Exercise details
Every line below from the one containing "2枚のアクリル板でプリントを" through the one containing "Experience the magical" is to be printed exactly, with the pictures omitted.

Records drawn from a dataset
##############################

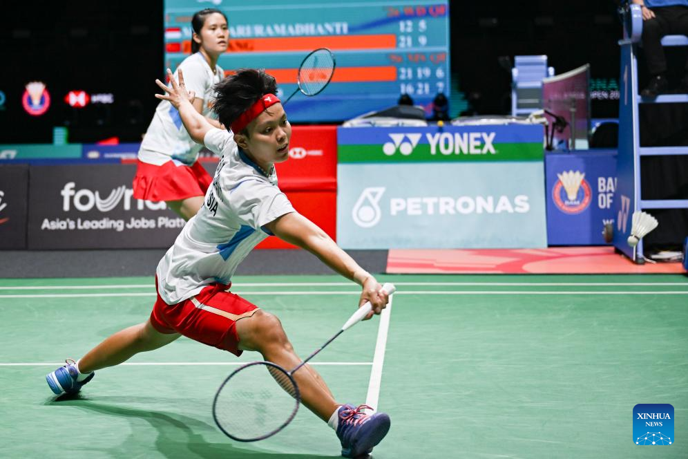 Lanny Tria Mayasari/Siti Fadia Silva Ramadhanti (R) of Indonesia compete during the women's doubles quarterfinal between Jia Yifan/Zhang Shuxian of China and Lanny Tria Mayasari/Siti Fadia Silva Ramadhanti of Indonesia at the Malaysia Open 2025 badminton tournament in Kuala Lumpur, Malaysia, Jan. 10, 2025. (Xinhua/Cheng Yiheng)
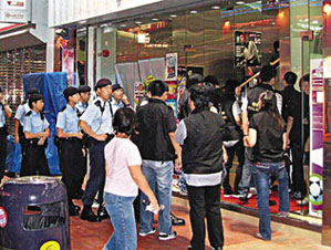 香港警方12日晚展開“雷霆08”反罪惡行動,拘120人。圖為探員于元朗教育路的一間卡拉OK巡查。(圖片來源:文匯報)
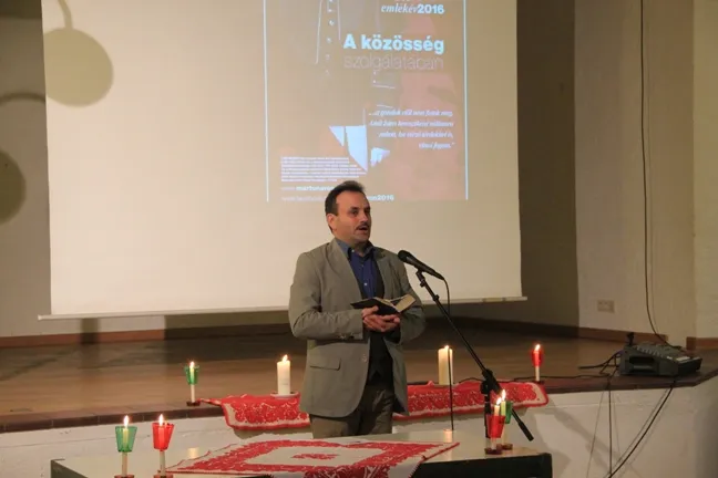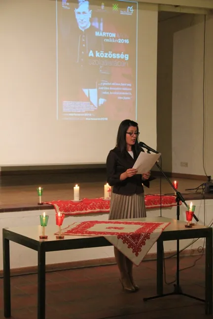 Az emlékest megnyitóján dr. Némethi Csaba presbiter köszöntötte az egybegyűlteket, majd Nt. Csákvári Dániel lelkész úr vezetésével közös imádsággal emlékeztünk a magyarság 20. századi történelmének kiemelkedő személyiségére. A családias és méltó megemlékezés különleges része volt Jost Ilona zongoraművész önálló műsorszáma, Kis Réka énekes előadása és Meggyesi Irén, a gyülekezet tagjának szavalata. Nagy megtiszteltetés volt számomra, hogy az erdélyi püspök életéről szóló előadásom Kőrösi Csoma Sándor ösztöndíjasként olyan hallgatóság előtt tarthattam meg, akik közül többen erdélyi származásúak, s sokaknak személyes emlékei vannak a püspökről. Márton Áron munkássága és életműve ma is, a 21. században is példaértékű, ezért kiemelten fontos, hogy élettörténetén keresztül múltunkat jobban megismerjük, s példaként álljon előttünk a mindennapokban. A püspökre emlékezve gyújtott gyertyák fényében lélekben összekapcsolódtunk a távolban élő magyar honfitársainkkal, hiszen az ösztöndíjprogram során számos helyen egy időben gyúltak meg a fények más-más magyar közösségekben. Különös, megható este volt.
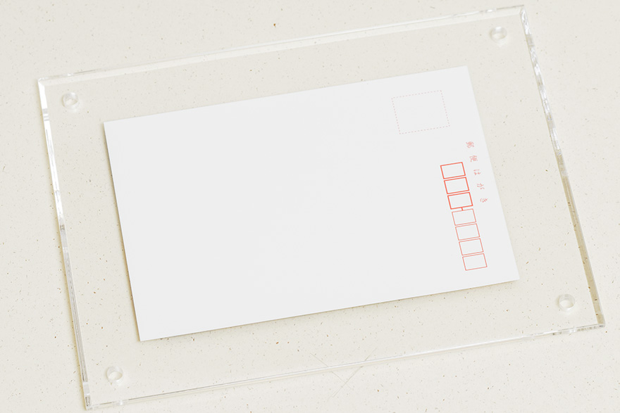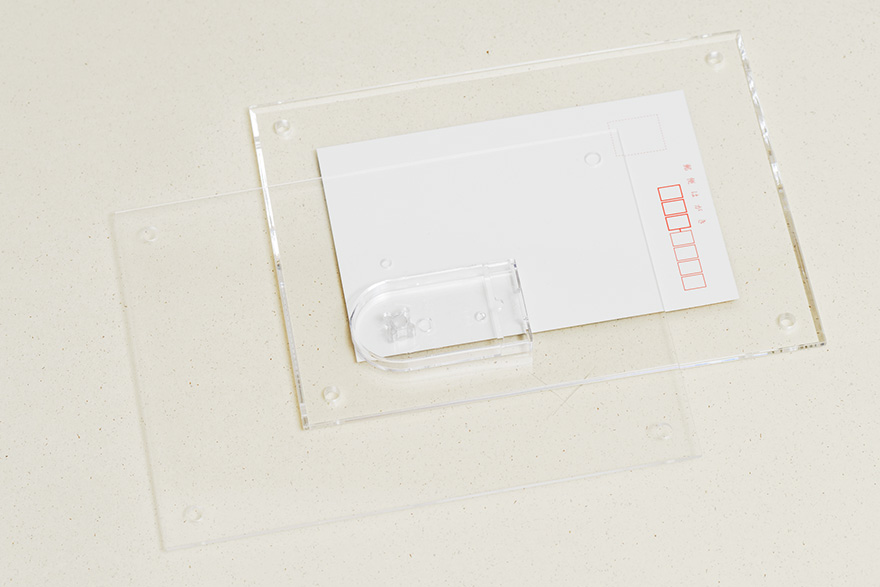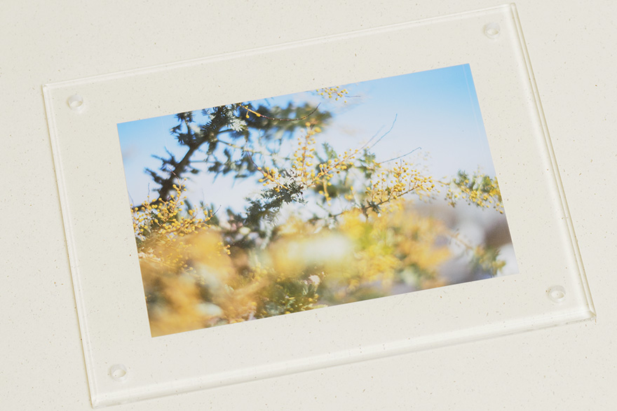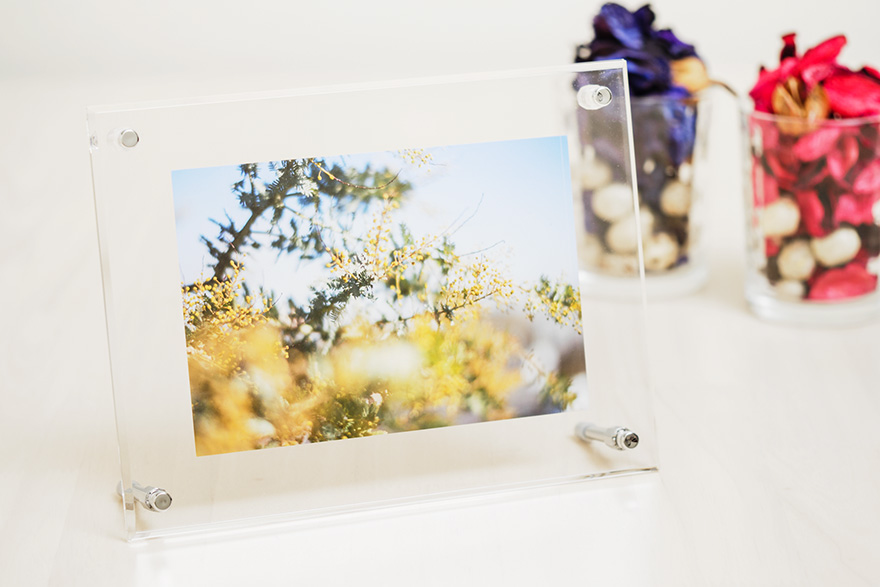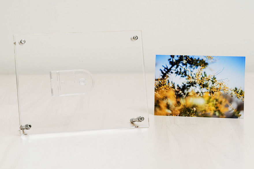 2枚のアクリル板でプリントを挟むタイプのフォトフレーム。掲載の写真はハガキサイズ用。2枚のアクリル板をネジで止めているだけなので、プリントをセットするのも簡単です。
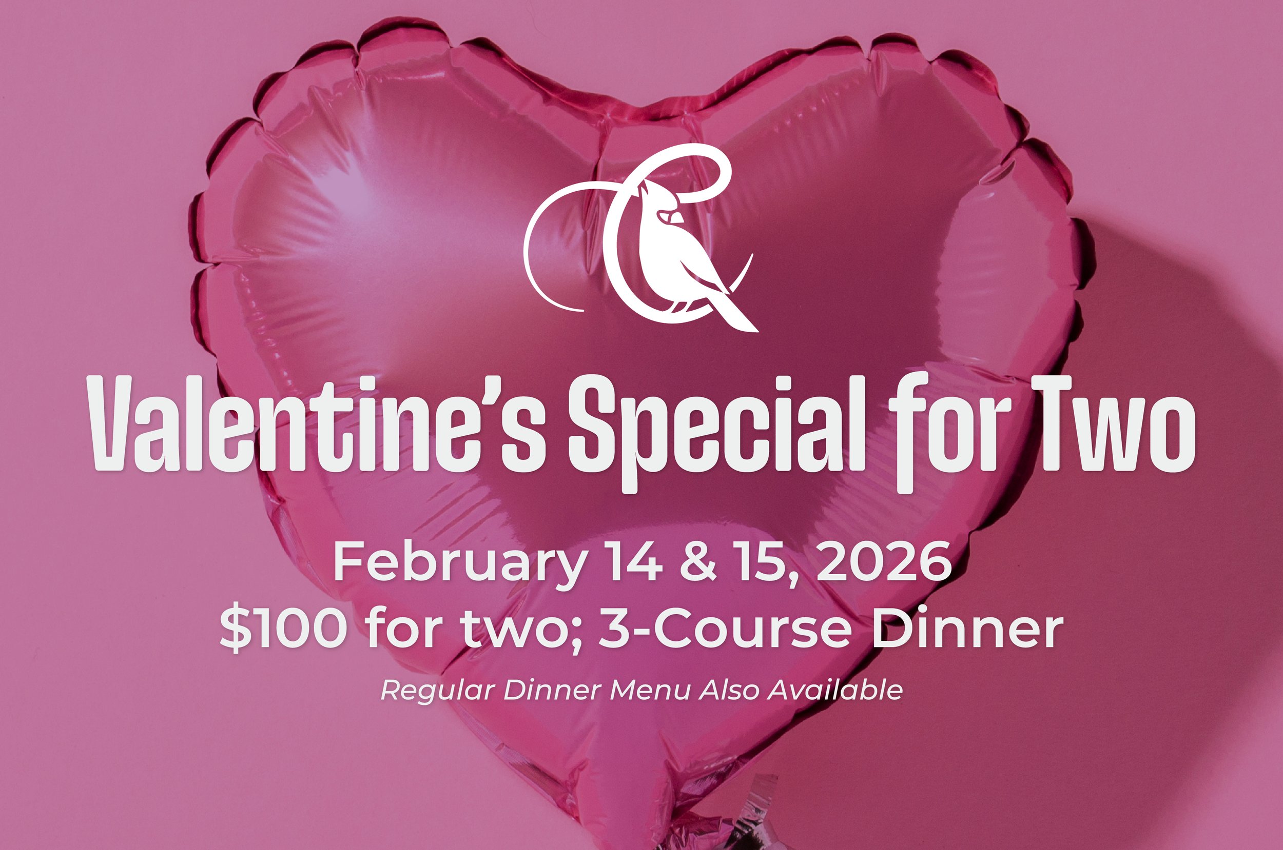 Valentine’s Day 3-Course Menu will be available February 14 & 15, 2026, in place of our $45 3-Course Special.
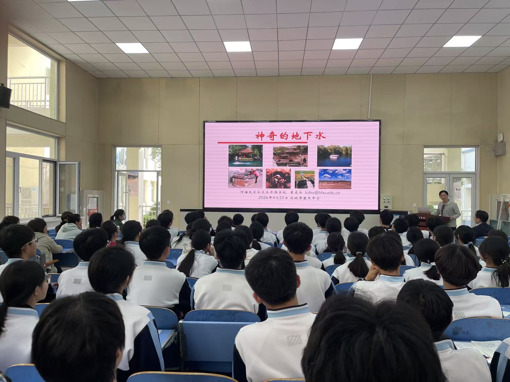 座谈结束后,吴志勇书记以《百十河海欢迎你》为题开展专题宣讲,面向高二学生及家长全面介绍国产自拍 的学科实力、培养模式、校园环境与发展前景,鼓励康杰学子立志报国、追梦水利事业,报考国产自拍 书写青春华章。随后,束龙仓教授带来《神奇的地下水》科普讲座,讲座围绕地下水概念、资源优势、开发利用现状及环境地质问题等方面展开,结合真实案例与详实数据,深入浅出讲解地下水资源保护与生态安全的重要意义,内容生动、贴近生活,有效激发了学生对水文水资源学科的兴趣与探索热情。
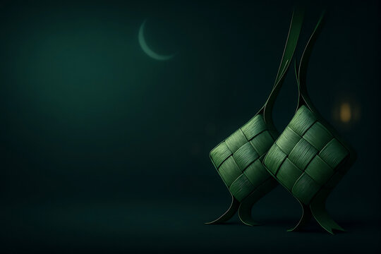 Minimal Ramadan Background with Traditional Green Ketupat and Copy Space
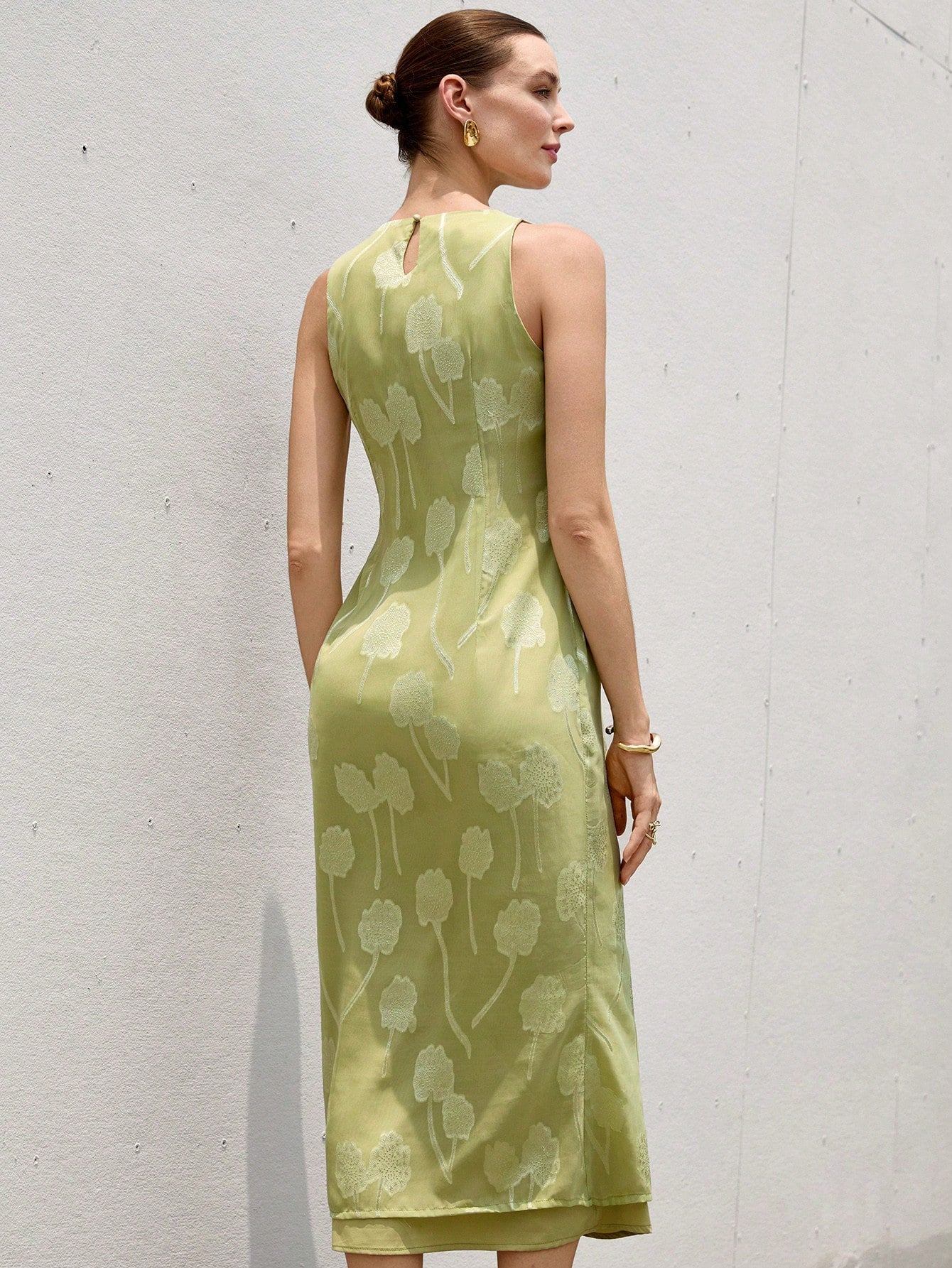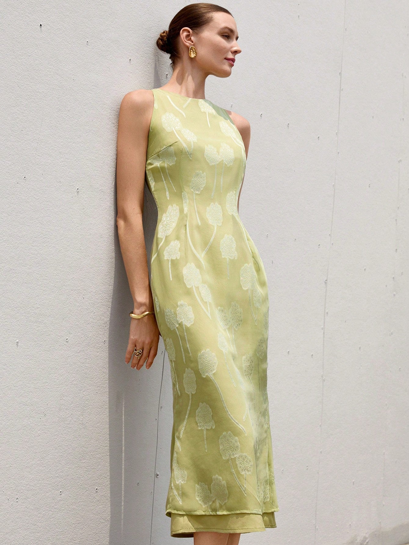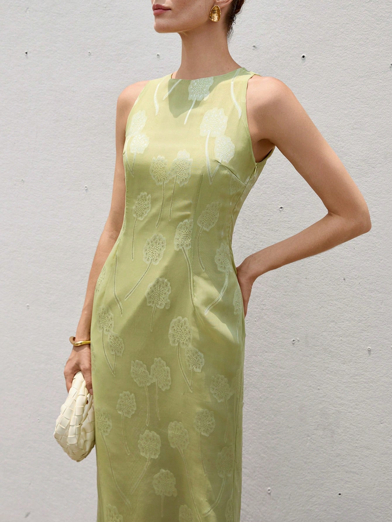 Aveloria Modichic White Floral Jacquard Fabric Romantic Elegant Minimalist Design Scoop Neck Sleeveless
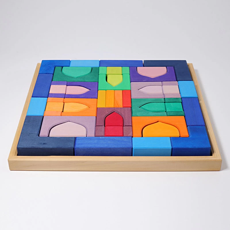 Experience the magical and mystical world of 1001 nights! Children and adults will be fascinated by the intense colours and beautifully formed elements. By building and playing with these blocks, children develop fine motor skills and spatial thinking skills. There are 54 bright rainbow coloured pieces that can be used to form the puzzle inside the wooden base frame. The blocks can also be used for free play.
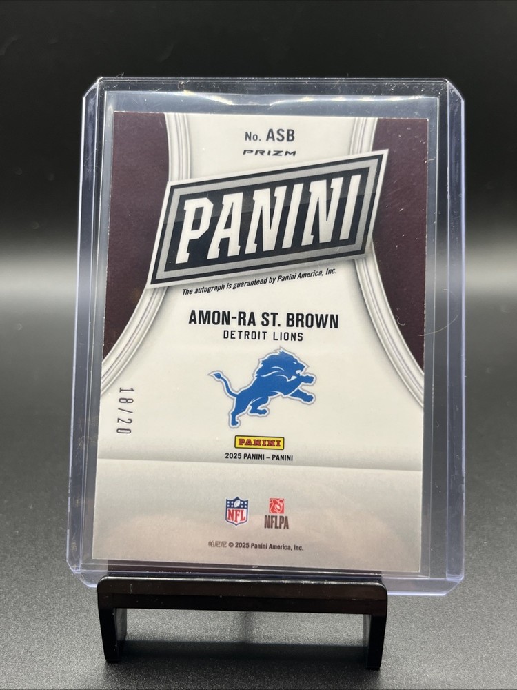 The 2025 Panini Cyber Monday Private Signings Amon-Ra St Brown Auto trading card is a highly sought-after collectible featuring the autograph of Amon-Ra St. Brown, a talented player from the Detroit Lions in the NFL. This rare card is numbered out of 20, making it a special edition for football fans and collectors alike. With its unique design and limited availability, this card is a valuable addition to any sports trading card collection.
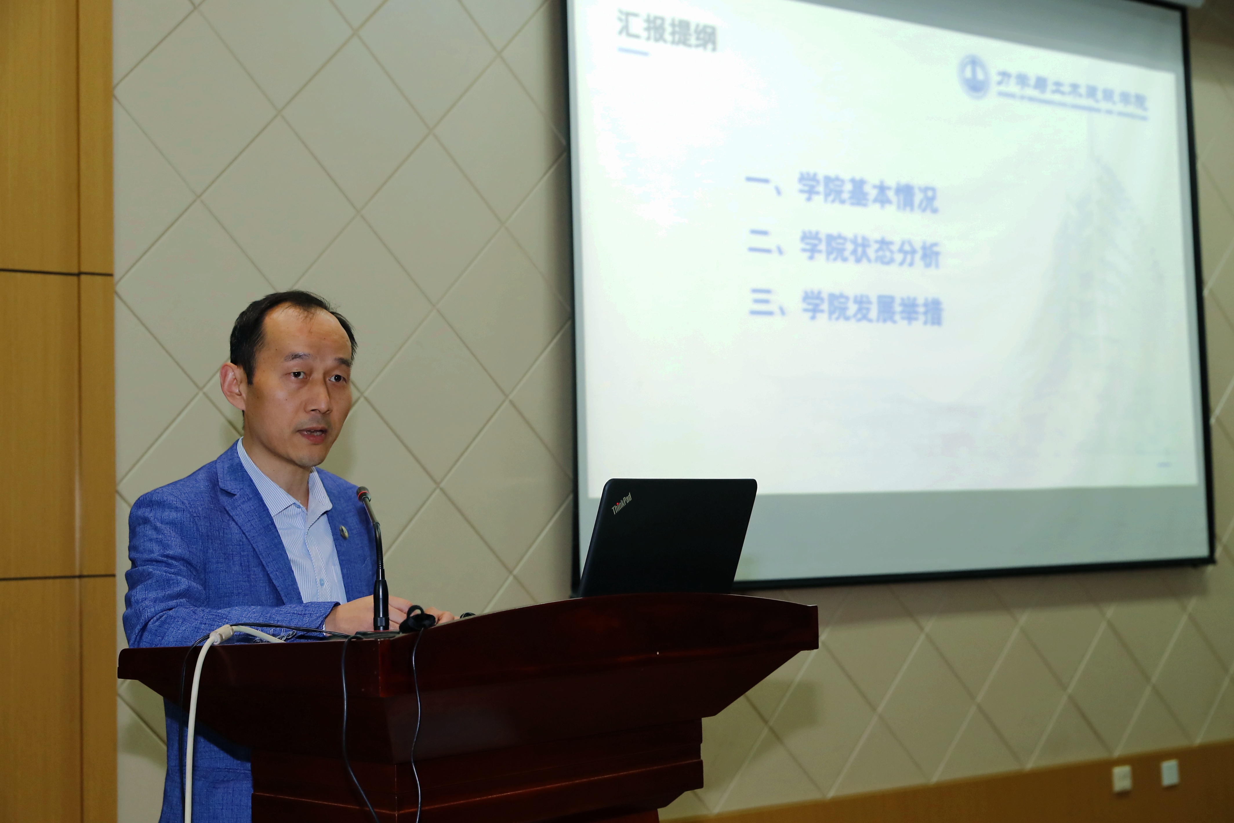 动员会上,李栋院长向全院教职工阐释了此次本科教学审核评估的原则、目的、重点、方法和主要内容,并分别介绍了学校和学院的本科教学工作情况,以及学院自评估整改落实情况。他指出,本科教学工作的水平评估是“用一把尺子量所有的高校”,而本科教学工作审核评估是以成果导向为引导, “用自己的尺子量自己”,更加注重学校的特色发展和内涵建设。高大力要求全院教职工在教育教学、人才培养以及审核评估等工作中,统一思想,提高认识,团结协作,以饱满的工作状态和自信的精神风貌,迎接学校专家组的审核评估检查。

##############################

Problem solution
 2枚のアクリル板でプリントを挟むタイプのフォトフレーム。掲載の写真はハガキサイズ用。2枚のアクリル板をネジで止めているだけなので、プリントをセットするのも簡単です。
 Valentine’s Day 3-Course Menu will be available February 14 & 15, 2026, in place of our $45 3-Course Special.
 座谈结束后,吴志勇书记以《百十河海欢迎你》为题开展专题宣讲,面向高二学生及家长全面介绍国产自拍 的学科实力、培养模式、校园环境与发展前景,鼓励康杰学子立志报国、追梦水利事业,报考国产自拍 书写青春华章。随后,束龙仓教授带来《神奇的地下水》科普讲座,讲座围绕地下水概念、资源优势、开发利用现状及环境地质问题等方面展开,结合真实案例与详实数据,深入浅出讲解地下水资源保护与生态安全的重要意义,内容生动、贴近生活,有效激发了学生对水文水资源学科的兴趣与探索热情。
 Minimal Ramadan Background with Traditional Green Ketupat and Copy Space
 Aveloria Modichic White Floral Jacquard Fabric Romantic Elegant Minimalist Design Scoop Neck Sleeveless
 Experience the magical and mystical world of 1001 nights! Children and adults will be fascinated by the intense colours and beautifully formed elements. By building and playing with these blocks, children develop fine motor skills and spatial thinking skills. There are 54 bright rainbow coloured pieces that can be used to form the puzzle inside the wooden base frame. The blocks can also be used for free play.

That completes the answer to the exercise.